Il Cagliari non ha un Gigi Riva giovane mentre la Juventus, modello Urss, pur non incantando ha trovato il colpo vincente. Era già arrivata vicino al bersaglio in alcune occasioni. Un gol di Fortunato era stato annullato per fallo, poi lo stesso ex atalantino aveva centrato in pieno la traversa con un gran colpo di testa. C'era anche un mezzo rigore su Schillaci, atterrato dal portiere e nei supplementari Casiraghi, subentrato al «picciotto» siciliano, ha fallito di un soffio l'occasione più nitida costruita dalla Juventus. Zoff è soddisfatto del gioco anche se ammette che, nel secondo tempo, c'è stata un po' di confusione e Tacconi ha dovuto compiere un paio di grosse parate. 

«Una è stata determinante», 

osservava Zoff che è sempre molto esigente con i suoi portieri. E Tacconi lo ringraziava: 

«Era ora che mi facesse un complimento». 

Complimenti di Zoff anche per Zavarov 

«che ha segnato un gol bellissimo ed ha i mezzi per diventare un grande» 

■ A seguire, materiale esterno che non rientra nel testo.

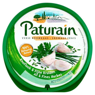 Ingrediënten: gepasteuriseerde melk en room, knoflook en fijne kruiden (2,6%), zout, peper.

e parole d'incoraggiamento per Aleinikov che era al suo debutto in un impegno ufficiale in maglia bianconera dopo la mezza partita disputata nell'amichevole di Vercelli. 

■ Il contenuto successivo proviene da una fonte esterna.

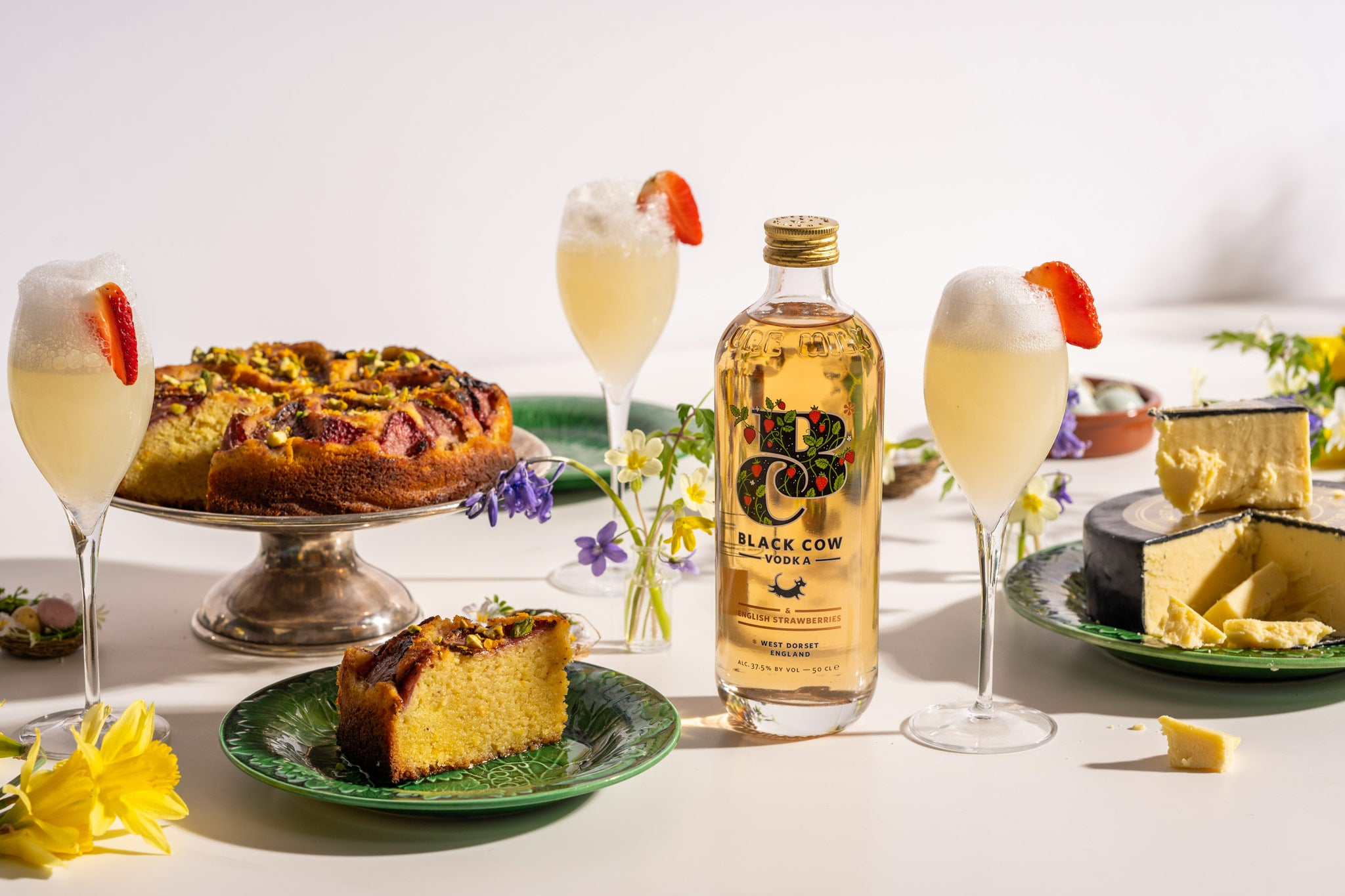 A fragrant almond and polenta cake soaked with honey and Black Cow & English Strawberries syrup. Serve alongside a light Strawberry & Lemon Sgroppino for a celebratory Easter pairing.

«Serghei si è mosso bene anche se non ha ancora nelle gambe il ritmo per sostenere 90'», 

aggiungeva Zoff. A noi sono piaciuti due spunti da campione del cosacco di Minsk: un cross bellissimo, non sfruttato a rete per mira difettosa da Zavarov, ed un violento sinistro da fuori area alto di poco sopra la traversa. Aleinikov ha accusato qualche pausa ma si è sforzato di mettersi al servizio della squadra, senza fronzoli. La sua preoccupazione maggiore è di rispettare i compiti assegnatigli, pur avendo un raggio d'azione abbastanza ampio. Era partito da lontano, inserendosi in avanti quando la situazione lo richiedeva. Ha ampi margini di miglioramento quando, all'intesa automatica che ha con Zavarov, aggiungerà un perfetto affiatamento anche con gli altri bianconeri. Fortunato ha confermato di essere un grosso punto di riferimento per i compagni: sempre disponibile, sia a sostegno della difesa che del centrocampo, con un gioco lineare. 

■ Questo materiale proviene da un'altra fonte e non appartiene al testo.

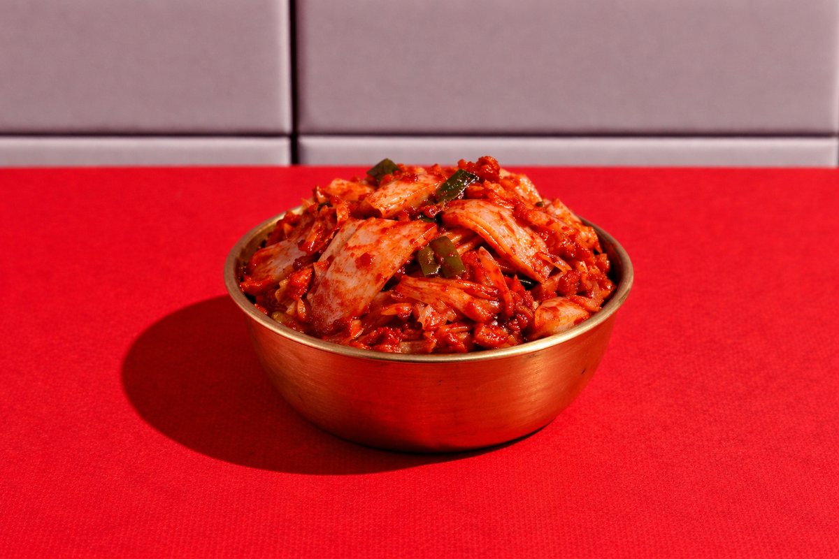 סלט קוריאני מסורתי המורכב מירקות מותססים ומתובלים; כרוב סיני, גזר, שום , ג'ינג'ר , בצל ירוק ואבקת גוג'יגארו

Quando Tricella si sgancia, Fortunato lo protegge e lo stesso fa quando è Bonetti ad avanzare. Sulla fascia sinistra si è spesso smarcato De Agostini ma non è stato sfruttato a dovere. Sul versante opposto, anche Galia è avanzato ma doveva preoccuparsi di Provitali ed ha preferito dosare i «raids» offensivi. Bravo Marocchi. Andrea Arrica, che fu uno degli artefici della costruzione del Cagliari-scudetto, se lo mangiava con gli occhi. Rui Barros, viceversa, è un po' in ritardo di condizione. L'anno scorso era partito a razzo, adesso entra in forma più gradualmente. L'azione del gol di Zavarov è nata da un suo passaggio. Barros ha avuto il merito di non demordere. Quando sarà al massimo la Juventus potrà riavere quelle accelerazioni indispensabili per rendere imprevedibile il proprio gioco anche se il minibomber portoghese adesso gioca prevalentemente di punta, con l'avversario addosso e ha meno possibilità di sfruttare il fattore-sorpresa.